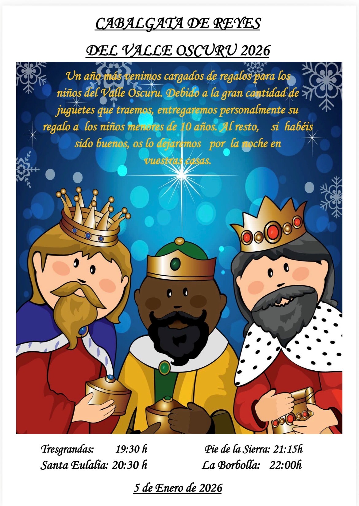 En el Valle Oscuru se realizará una Cabalgata de Reyes que recorrerá las distintas localidades del valle. Así, Melchor, Gaspar y Baltasar pasarán por Tresgrandas a las 19:30 h., por Santa Eulalia a las 20:30 h., por Pie de la Sierra a las 21:15 h. y por La Borbolla a las 22:00 h.
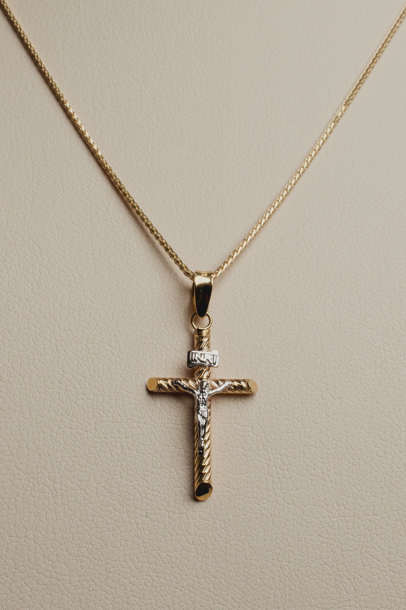 Cristo tubular con textura en oro amarillo de 10k
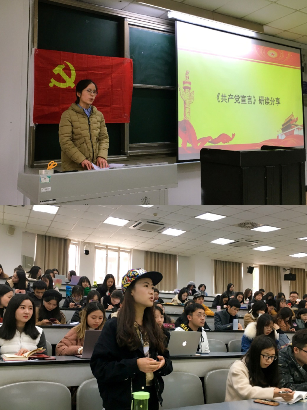 随后,全体党员进入“红色经典”名著研读——《共产党宣言》的学习环节。“红色经典”名著研读活动依托第三支部哲学和宗教学专业党员同志开展,将党建工作与专著研读学习相融合。首先,由澳门太阳成集团2018级研究生第三支部韩洁同志进行《共产党宣言》研读。韩洁同志指出,共产党宣言的诞生标志着马克思主义的诞生,对全世界的无产阶级革命运动起了巨大的推动作用。她从马克思、恩格斯的生平、著作的写作背景、著作的引言和正文四章全面、多维度阐释了《共产党宣言》,并结合我国特点,提出了对新时代中国特色社会主义建设的建议。
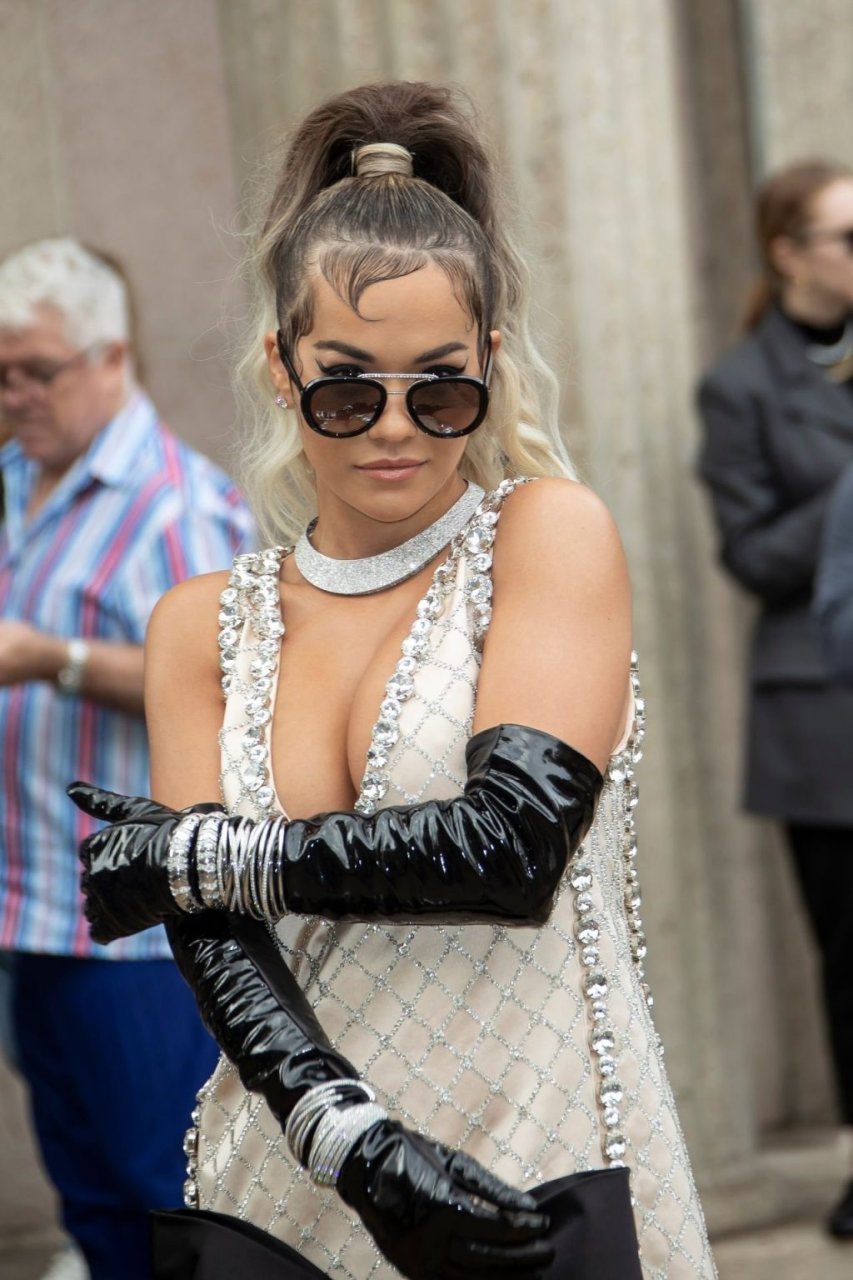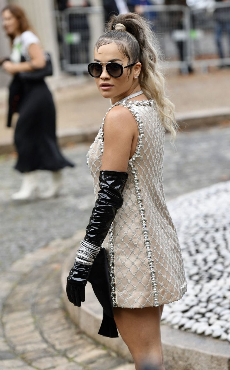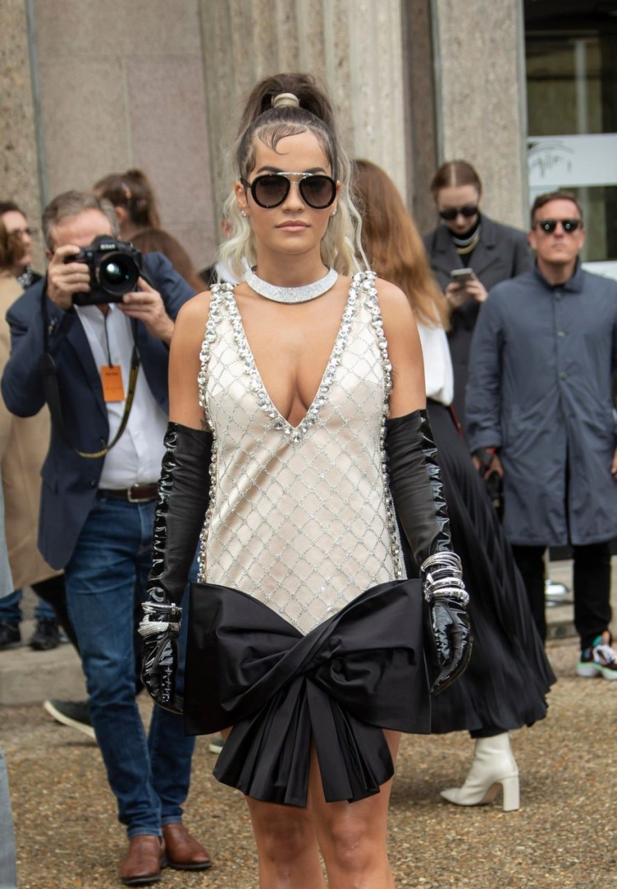 La cantante británica Rita Ora asiste al desfile de moda femenina Primavera/Verano 2020 de Miu Miu como parte de la Semana de la Moda de París, 01/10/2019.
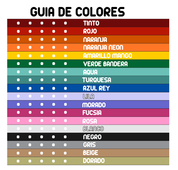 Tinto, Rojo, Naranja, Naranja Neón, Amarillo Mango, Verde Bandera, Turquesa, Aqqua, Azul Rey, Azul Cielo, Lila, Morado, Fucsia, Rosa, Blanco, Negro, Beige, Dorado y Gris
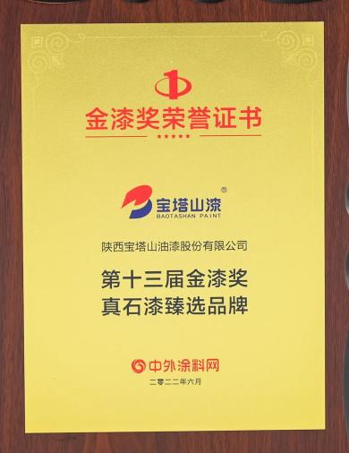 2022年6月,寶塔山漆榮獲第十三屆金漆獎(jiǎng)“真石漆臻選品牌”。
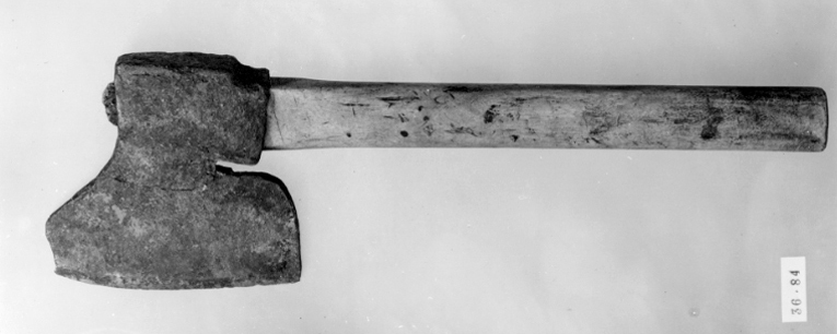 Ur Johan Rings bössmakarverkstad. Yxa med huvud av järn i form av en slöjdyxa med den karaktäristiska skåran mellan bladet och holken - den s.k. kvarken - som användes för att dra ut spikar. Den slipade eggen mycket svagt välv. Skaft av ek med ovalt tvärsnitt som övergår i ett kilformat, rektangulärt tvärsnitt att fästa i holken. Upptill en islagen kil av järn.
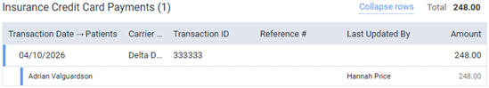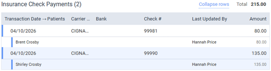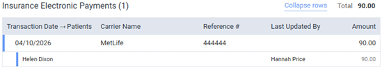 You can still expand or collapse all payment rows in certain sections, click the Expand rows link or the Collapse rows link, respectively.
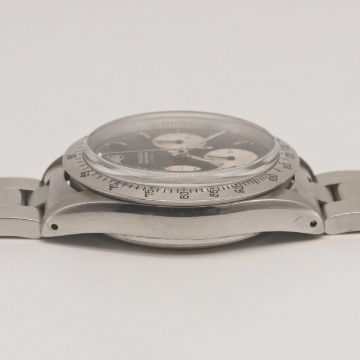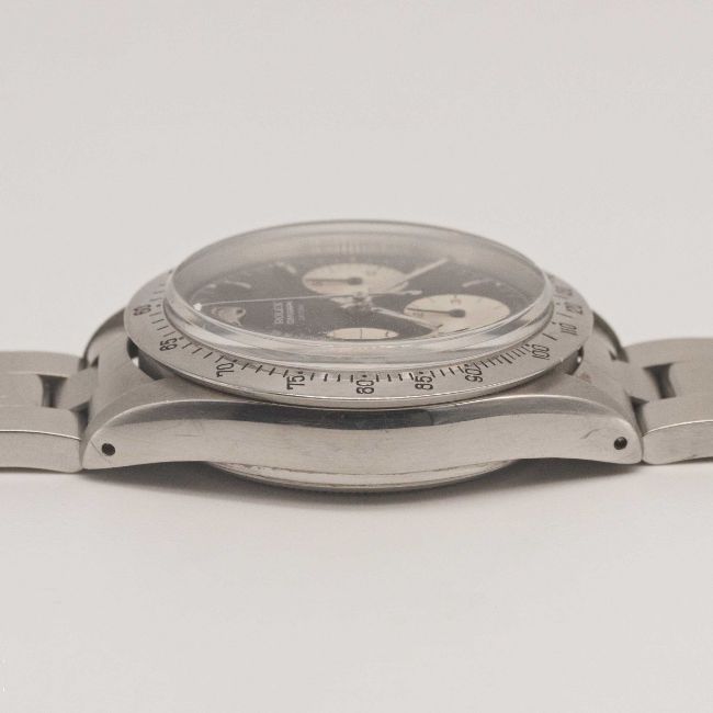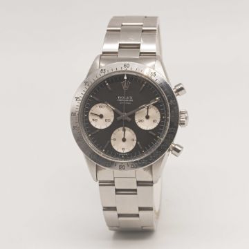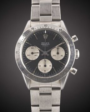 A RARE GENTLEMAN'S STAINLESS STEEL ROLEX COSMOGRAPH "SMALL FONT" DAYTONA BRACELET WATCHCIRCA 1966, REF. 6239 WITH "UPSIDE DOWN" REFERENCE & SERIAL NUMBERS, "REVERSE PANDA" DIALMovement: 17J, manual wind, cal. 72B, signed Rolex Geneve.Case: Diameter approx. 37mm, signed Montres Rolex S.A., serial number between top lugs & reference between bottom lugs, serial no. 1,4xx,xxx, units per hour bezel, Rolex screw-down crown & "pump" pushers.Bracelet: Rolex Oyster bracelet, numbered V1 X1 78350/19/557B.CONDITION REPORTDial: Original dial in very good condition, showing some signs of age.Movement: Running & functioning at present, timekeeping and accuracy cannot be guaranteed.Case: In very good condition, with light scratches due to general use.Strap/Bracelet: In excellent condition, with some light scratches due to general use.
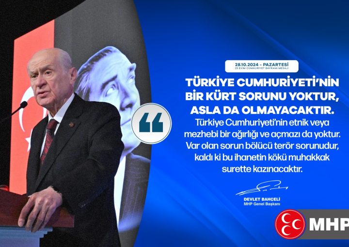 MHP Genel Başkanı Devlet Bahçeli, 29 Ekim Cumhuriyet Bayramı dolayısıyla yayınladığı mesajında Türkiye Cumhuriyeti’nin bir Kürt sorunu...
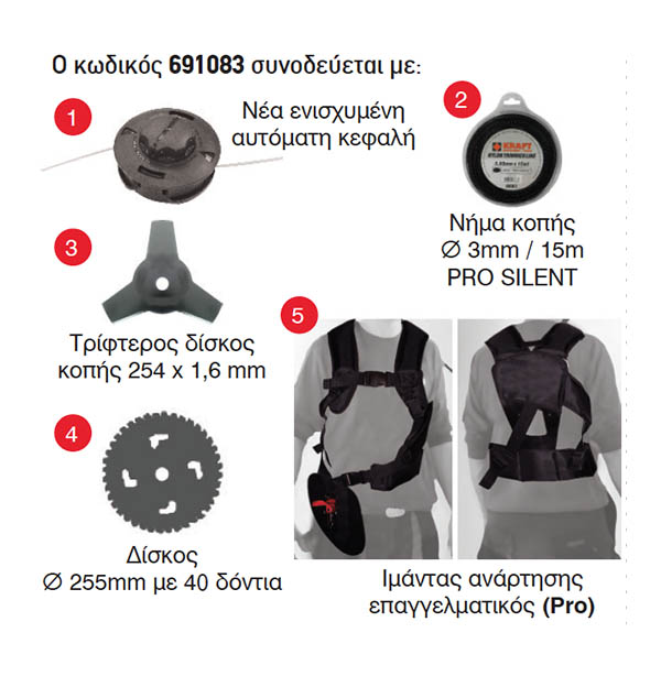 KRAFT - 691083 Θαμνοκοπτικό Βενζινοκίνητο Premium Line με Αντιδόνηση 62cc/3.46hp
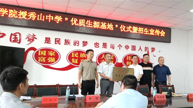 為全面加強招生宣傳工作,密切結合招生新形勢、新任務、新要求,深入推進優質生源基地建設,不斷提高生源質量,語言文化與傳媒學院副院長殷明明、教學辦主任章衡等一行于2023年6月16日赴懷寧開展優質基地建設,在懷寧縣秀山中學舉行了優質生源基地簽約授牌儀式暨招生宣傳會,并前往懷寧縣高河中學考察調研,學習汲取協同育人成功經驗,積極拓展優質生源基地建設。
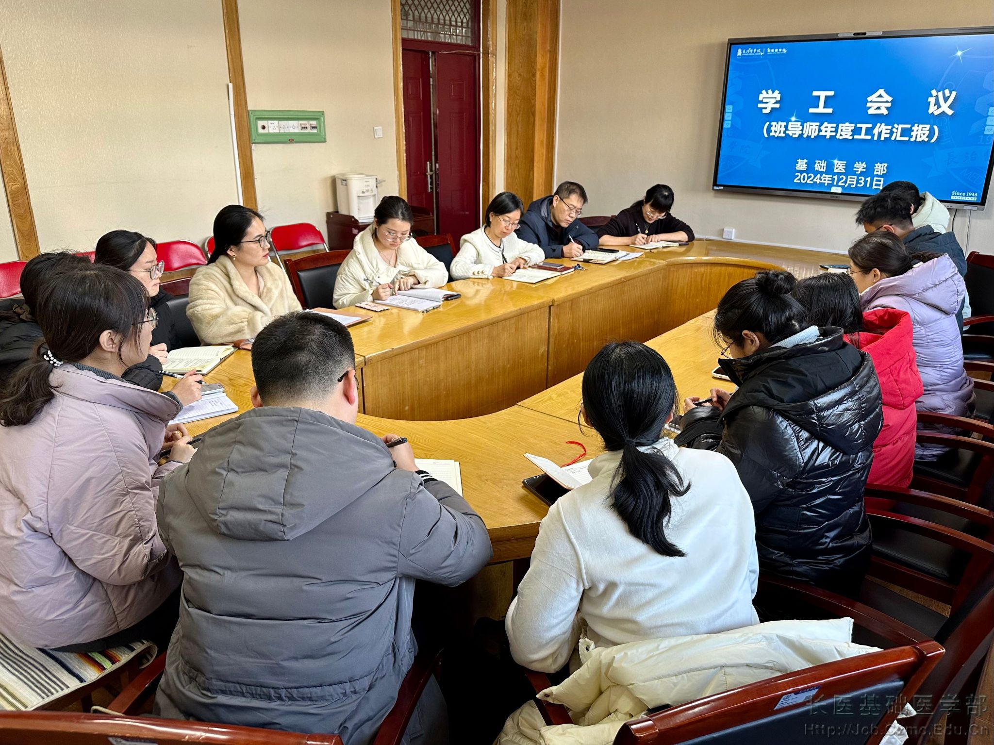 为总结经验,共绘员工培养新蓝图,12 月 31日下午,基础医学部召开班导师年度工作汇报会,医学实验技术专业各年级班导师齐聚一堂进行年度经验总结交流,副书记原慧刚、副主任原丽及全体辅导员参会。党总支书记李萍主持会议。
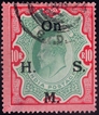 Error Stamp of King Edward VII, 10Rs, ON H. M. S. OVPT printing shifted bottom
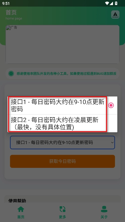 2.可以看到本软件提供了两个获取密码的接口,大家可根据需求自由选择。
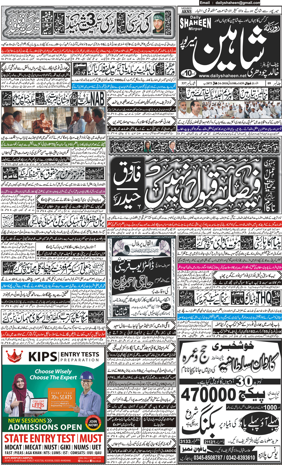 Daily Shaheen Mirpur – Latest news from Mirpur & Azad Kashmir | Mirpur News, Mirpur Newspaper
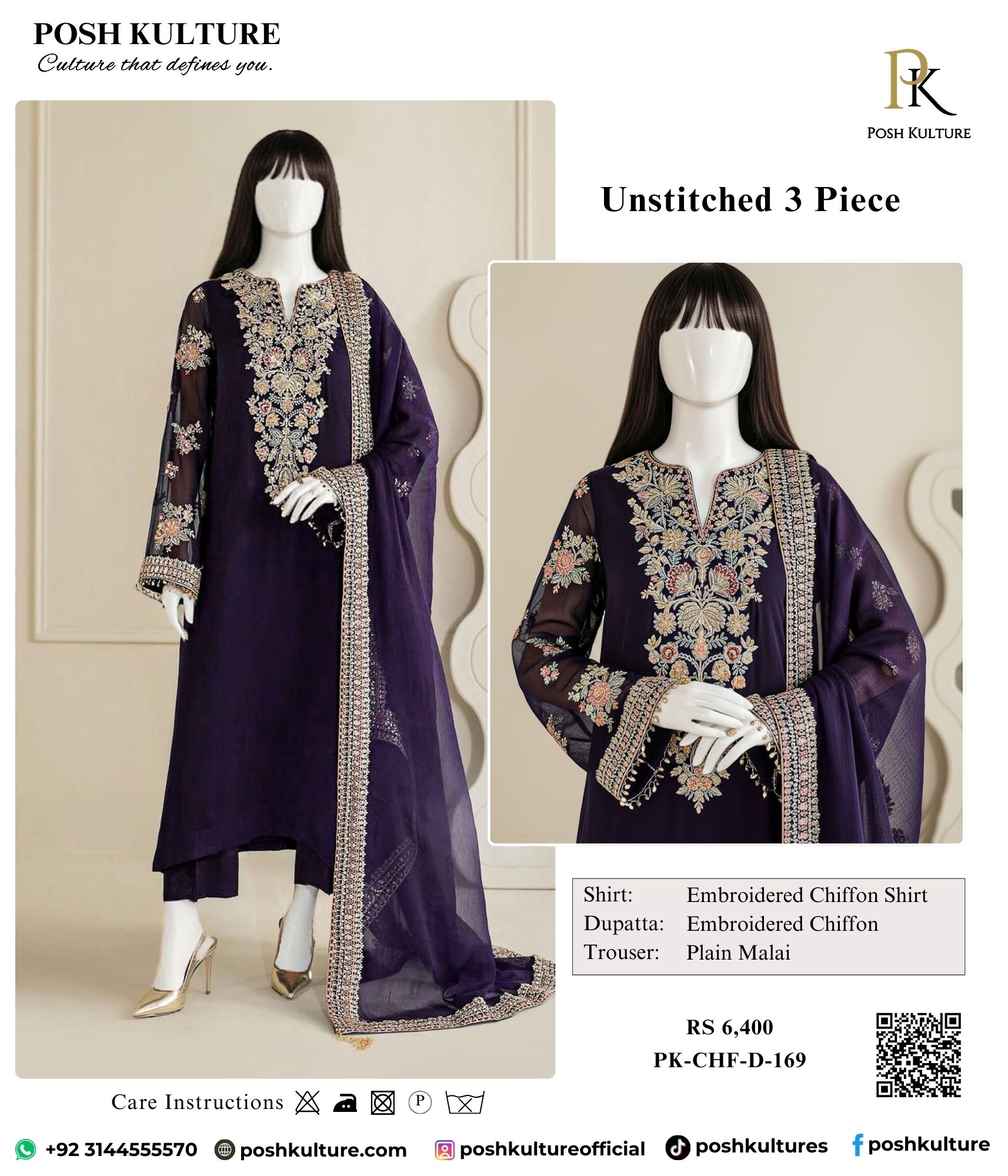 Command attention this season in regal Deep Purple! This luxurious unstitched 3-piece ensemble in a rich Deep Purple features a chiffon shirt with elegant, heavy V-neck embroidery and delicate floral embroidered sequence work on the sheer chiffon sleeves. The set is completed with a ready-to-wear chiffon dupatta featuring a broad, ornamental embroidered border and a plain Malai trouser. This is the perfect formal attire for any special occasion or wedding event.

************

*Aim of the exercise*.
Find where the line with "2.可以看到本软件提供了两个获取密码的接口,大家可根据需求自由选择。" sits in the material above and where the line with "Daily Shaheen Mirpur" sits. Set down exactly the lines from the first to the second, both included and nothing else, without pictures.

*Written solution*.
 2.可以看到本软件提供了两个获取密码的接口,大家可根据需求自由选择。
 Daily Shaheen Mirpur – Latest news from Mirpur & Azad Kashmir | Mirpur News, Mirpur Newspaper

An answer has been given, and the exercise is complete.